For Hopper (an app that tells you when to book and when to wait for flights and hotels), the ability to narrow down flight search results by hiding undesirable flights was one of the most asked for features.

When they finally shipped the feature, however, they realized that filters weren’t what users wanted at all. They wanted something much more basic: content that was relevant to their unique situation, with the minimal number of steps required to get it.

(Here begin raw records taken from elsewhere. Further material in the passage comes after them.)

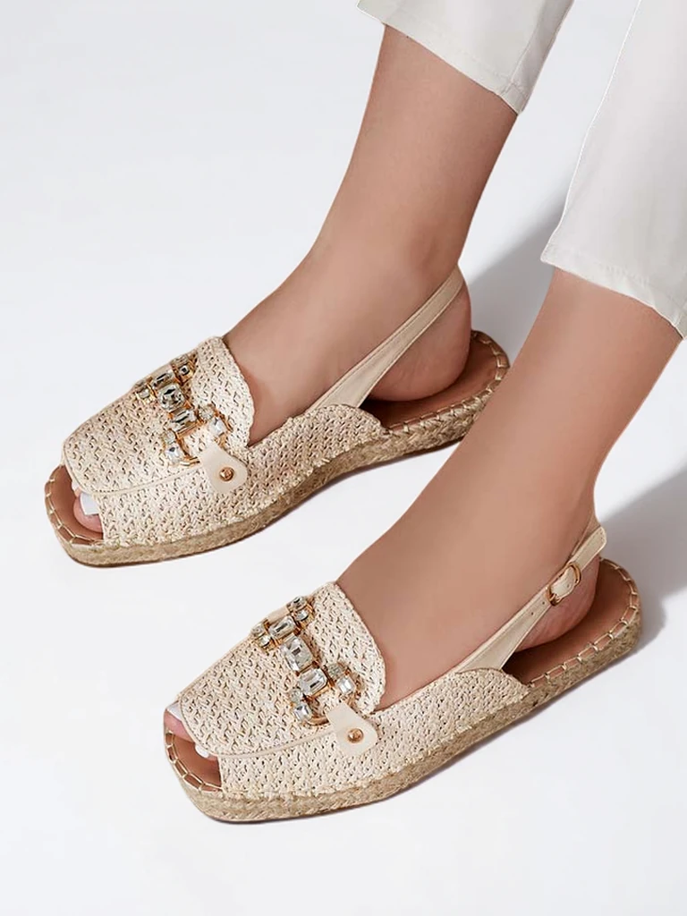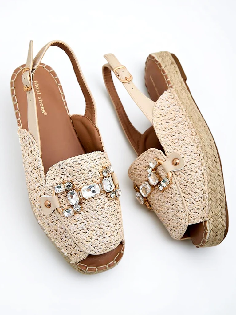 - Edinstvene ženske espadrile iz sintetičnega materiala. Ravni podplat, okrašen z vrvico iz jute, zagotavlja udobje. Model za obuvanje z usnjenim pasom in izpostavljenimi prsti. Odličen dodatek k poletnim oblačilom!
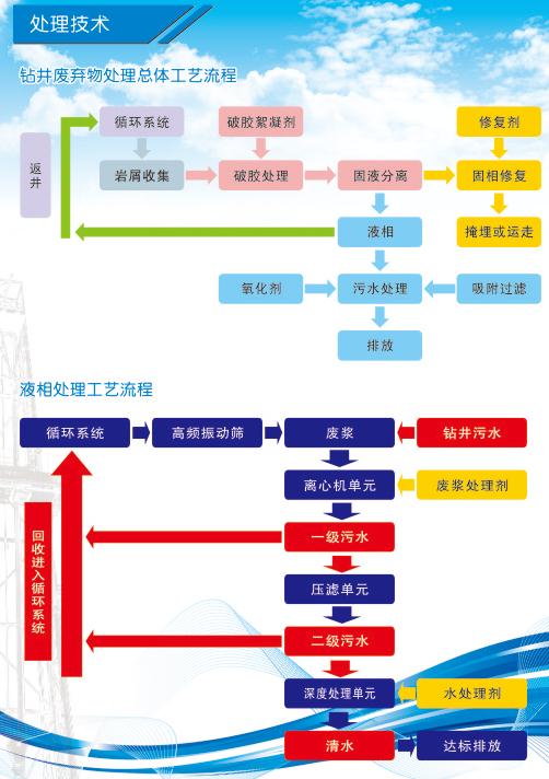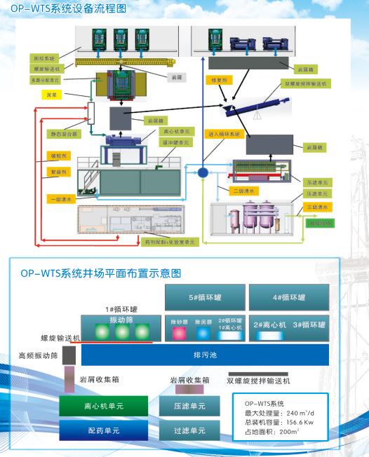 system brief introduction The drilling waste mud disposal system can be used to process solid waste and waste water from the solid control system of drilling process, waste not drop on the ground, reach discharge standards after disposed. The system consists of by HGD (drying shaker) unit, buffer tank unit, centrifuge unit, medicament preparation + laboratory unit, filter unit and filter + reverse osmosis unit and other major equipment, screw conveyor, double helix mixing conveyor and other auxiliary equipment. In addition to user is required to equipped with own cuttings box, transport vehicles, generator, excavator etc. Maximum processing capacity is 20 cubic meters / hour, the total installed capacity of 156.6kw. The system design utilizes chemical treatment to enhance the treatment effect of solid-liquid separation equipment. After centrifugal separation, filter, multi medium filtration, reverse osmosis process, make the harmful part in the mud emission along with the solid phase, liquid phase could be used for the preparation of slurry, discharge or irrigation, solid part reburied after solidification treatment.
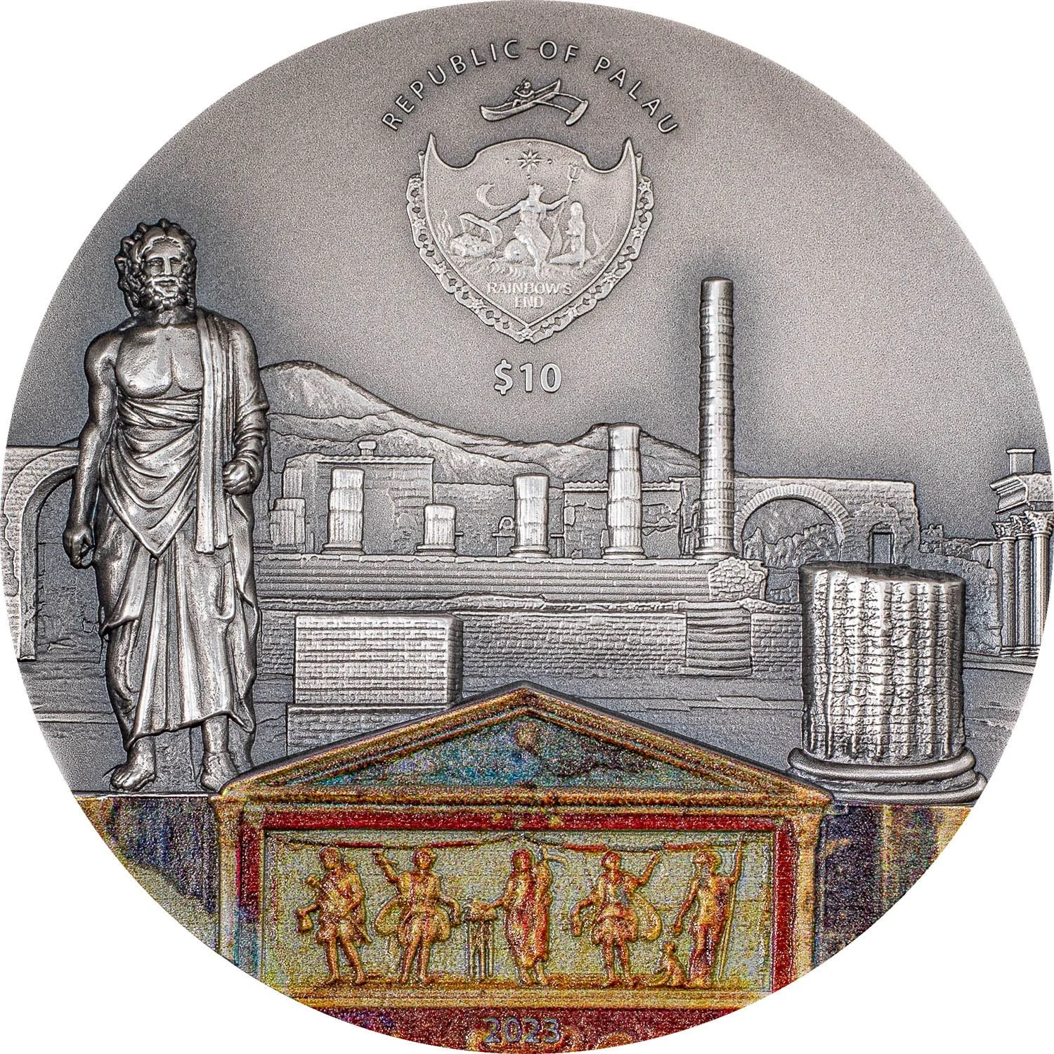Palau's Coat of Arms over Pompeii, with Vesuvius in the background.

Give The Users What They Want

Since the early days of Hopper, users wanted more control over what results they saw and the app notified them about.

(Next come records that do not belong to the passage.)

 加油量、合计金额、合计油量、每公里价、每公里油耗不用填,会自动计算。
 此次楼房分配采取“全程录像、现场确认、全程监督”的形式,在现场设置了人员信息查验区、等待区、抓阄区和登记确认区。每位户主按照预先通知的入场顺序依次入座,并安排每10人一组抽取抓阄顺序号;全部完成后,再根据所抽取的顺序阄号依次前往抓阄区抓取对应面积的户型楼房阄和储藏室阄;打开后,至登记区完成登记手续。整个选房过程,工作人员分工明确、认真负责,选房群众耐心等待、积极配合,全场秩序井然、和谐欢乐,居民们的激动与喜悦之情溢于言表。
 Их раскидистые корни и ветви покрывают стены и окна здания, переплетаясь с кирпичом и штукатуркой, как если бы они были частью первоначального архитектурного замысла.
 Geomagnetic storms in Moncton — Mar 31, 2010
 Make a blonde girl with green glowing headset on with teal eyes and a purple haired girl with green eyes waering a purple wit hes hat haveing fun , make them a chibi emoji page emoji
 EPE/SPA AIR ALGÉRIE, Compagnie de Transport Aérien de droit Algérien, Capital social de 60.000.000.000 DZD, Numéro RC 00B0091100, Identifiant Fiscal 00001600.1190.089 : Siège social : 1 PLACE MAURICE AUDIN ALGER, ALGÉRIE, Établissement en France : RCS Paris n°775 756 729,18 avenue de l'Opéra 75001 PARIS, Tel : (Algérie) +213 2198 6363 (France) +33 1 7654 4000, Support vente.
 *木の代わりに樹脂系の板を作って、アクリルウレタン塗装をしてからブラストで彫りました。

At the time, the price notifications only informed users about the lowest available price. Sometimes, that price could be the result of a low-cost carrier or a bare fare, with lots of added fees. Sometimes, it was because a flight had very long layovers (upwards of 18 hours, at times) or several unnecessary stops.

Less relevant content meant more noise for their users, less value from the solution, and lower conversion rates. Hopper couldn’t ignore this problem any longer. They had to give the users what they wanted.

Focused Filters

There are countless examples of filters in travel and e-commerce.

Filters for Kayak, SkyScanner, Hipmunk

Hopper decided not to re-invent the wheel and planned for a simple “filters” button in the app. This button would trigger a filters list, where users could apply what they wanted.

Some digging taught them that over 80% of filter requests would be addressed with only 3 filters:

  • Remove Basic or “Bare” fares from low-cost carriers
  • Remove Stops
  • Remove long layovers

They went for simplicity and decided to go only with these three.

Once they released the filters, they sat back, waiting for the love and praise to pour in. Fast Company even wrote about it, using the flattering headline: “Hopper’s new filters make it easier to book the cheapest, most optimal flight.

To their surprise, what followed was a bit anticlimactic. They found a dismal 2.6% of their total watches had filters applied.

Were they mislead about the importance of this feature by a small and vocal minority of users?

Was their implementation not discoverable enough?

But, they also had another data point. They found out that filtered watches had higher conversion rates than unfiltered ones. This was the motivation they needed for another go; this time, to increase adoption.

To make sure users weren’t missing the feature completely, they knew they could make the button larger and more prominent in the interface. But, instead of making the button to filters easier to find, could they make the filters themselves easier to find?

They made filters a tip and a more integrated part of their interface. They placed a new card on the prediction screen to suggest filters based off of the user’s unique route. They used dynamic copy to help them weigh the financial trade-offs of applying the filters.

To apply the suggested filter, the user simply tapped a button, right in thumb’s reach. Instead of going to the filters screen, Hopper automatically applied the filter on tap. If there was another filter worth suggesting, it would display that one next. Tapping it would then apply the new filter too. Every time a filter was applied, the app updated the user’s watch with the new settings. No need to enter a menu, no need to scan a list of options.

After releasing the new format, Hopper saw the number of watches with filters go from 2.6% to over 23%! The change resulted in a nearly 10x increase in their conversion rate.

Conclusion

Give the users what they >don’t know< they want.

People don’t want filters. They don’t want a list of even more options to sort through. People want better, more relevant content and help making difficult trade-offs, in as few steps as possible. Can you blame them?

Users Don’t Want Filters, They Want Better Content

PS. From my experience, people usually want filtered results, but don’t want to apply filters. Every time when someone applies the filters (or they are applied for them), the conversion rate grows. It’s a fine balance.